Straight-Jacket, 1964. 9/10

Lots of horror going on here; both psychological and physical. Joan Crawford makes a perfect ax murderer. Nice work by the supporting cast as well; Diane Baker as Lucy Harbin’s (Crawford’s) daughter Carol plays such a sweet, pert girl, that her freaky transformation comes as a shock.


Leo Krause, as a slack-jawed ‘hired hand’, makes an uncouth counterpoint to Lucy Harbin’s more sophisticated nutty personality. It does take some suspension of disbelief when Carol’s darker side is unmasked, so to speak. But looking back, we can see that Carol is not just a nice girl in love; she has an agenda.


Her demeanor around her mom is odd; she’s soft and cuddly, then abruptly cool, as though she’s studying Crawford. Dangling the past in her mom’s face–the outfits and family memorabilia–is obviously not appropriate for someone who has nothing but bad memories and experiences of the past.

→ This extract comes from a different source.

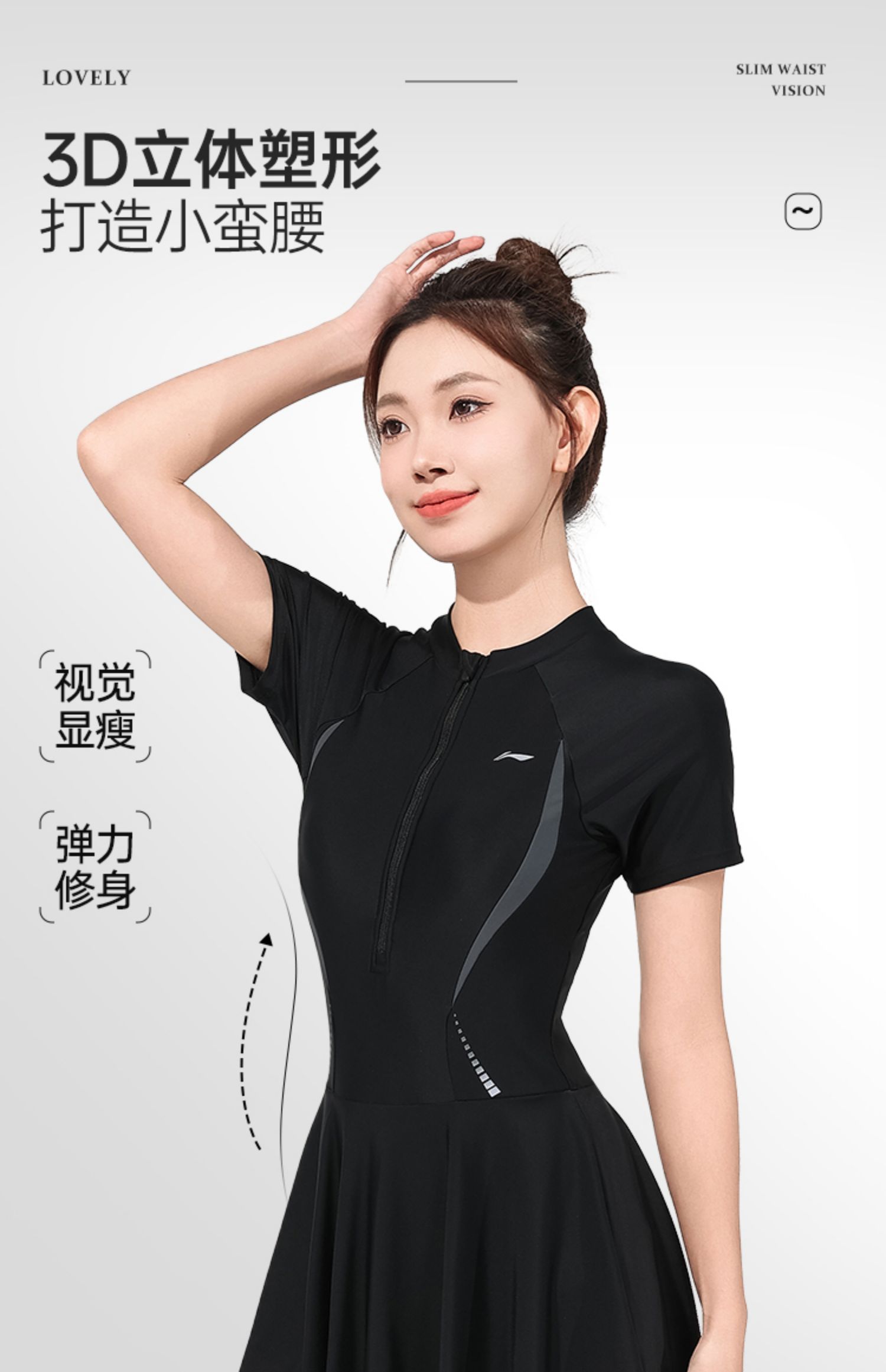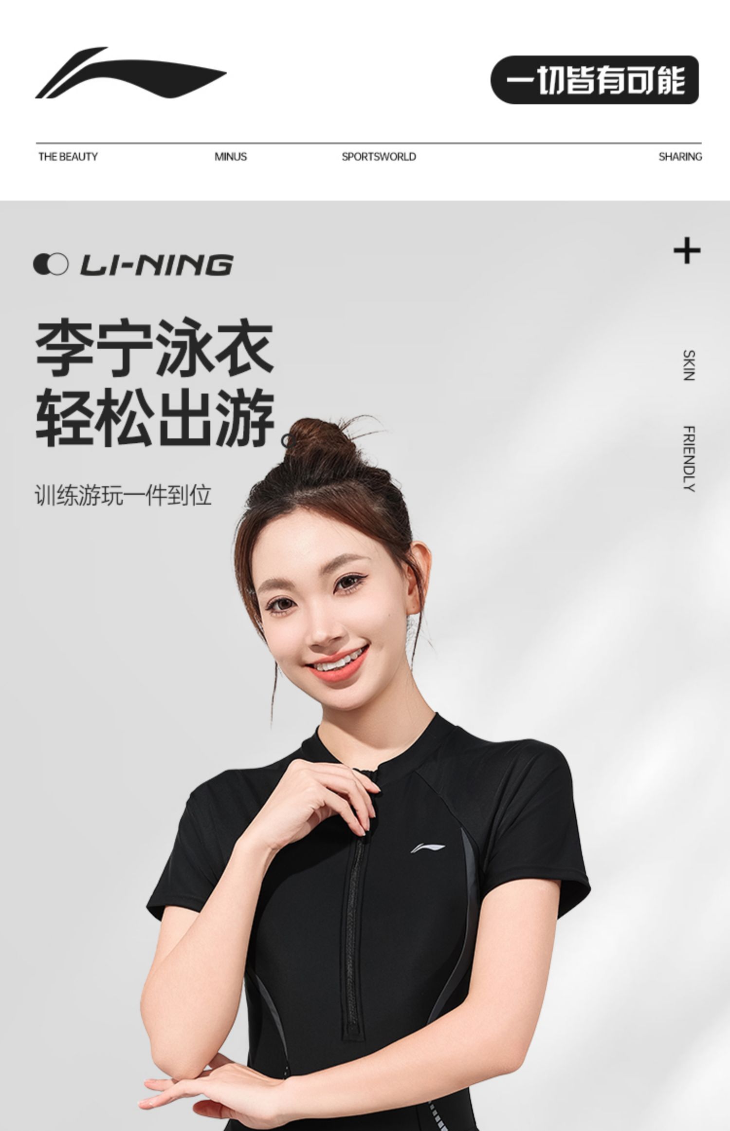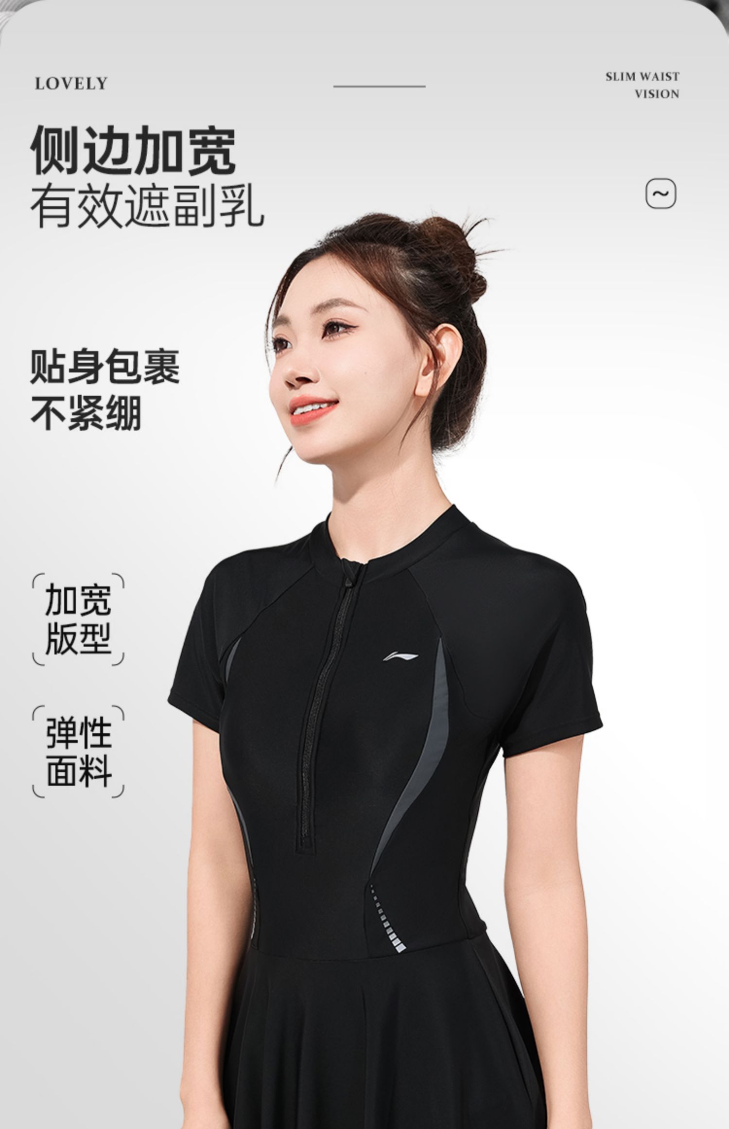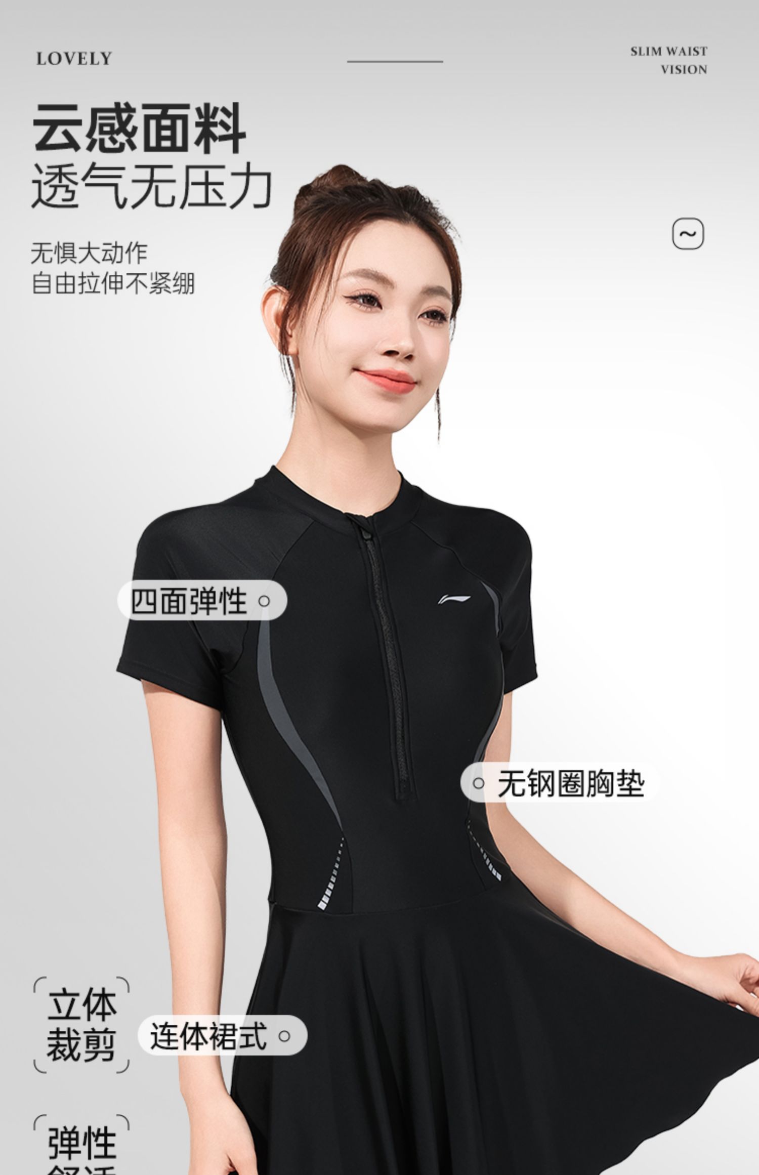 李宁泳衣女款2025新款女士大码连体温泉泳装成人游泳馆专用游泳衣

There’s so much misdirection with Krause’s oddball antics and the smug self-involved Mrs. Fields (Edith Atwater) cutting up the scenery with snide remarks. So our sympathy lies with the seemingly innocent Carol, with her sensible adoptive parents. From the doctor’s murder on, however, Carol begins to show her hand.


I’ve got to admit I was taken in the first time around, and couldn’t fathom why she would apparently ‘help’ her mom hide evidence of what seemed a no-brainer: that her mom had killed the doctor. It’s certainly cunning that the two essentially switch roles. In fact Carol becomes her mom’s doppelganger.


The only problem I had with the plot is Carol’s motivation for her killing spree. Certainly her boyfriend’s mom looks askance at the idea of her son marrying Carol. But if Carol doesn’t make her mom more unstable, wouldn’t that lead to a conventional family get-together? If Michael’s mom can’t see anything unusual about Lucy, who in Carol’s family would she find objectionable? Michael’s mom is an out-and-out bully though, interrogating Lucy at the dinner as though she were a lower life form.


Lucy’s hallucinatory scenes are great; the eerie music really cooks up the horror. Although the dressing room telescoping into an abstract cell was wild, I thought the best effect was the background of expressionist paintings and drawings against the opening credits.


Strait-Jacket maintains suspense with its chain of horror. There’s some hokey special effects (bloodless decapitations), but not much else to complain about. Can’t lose spending time with this horror-fest. 9/10.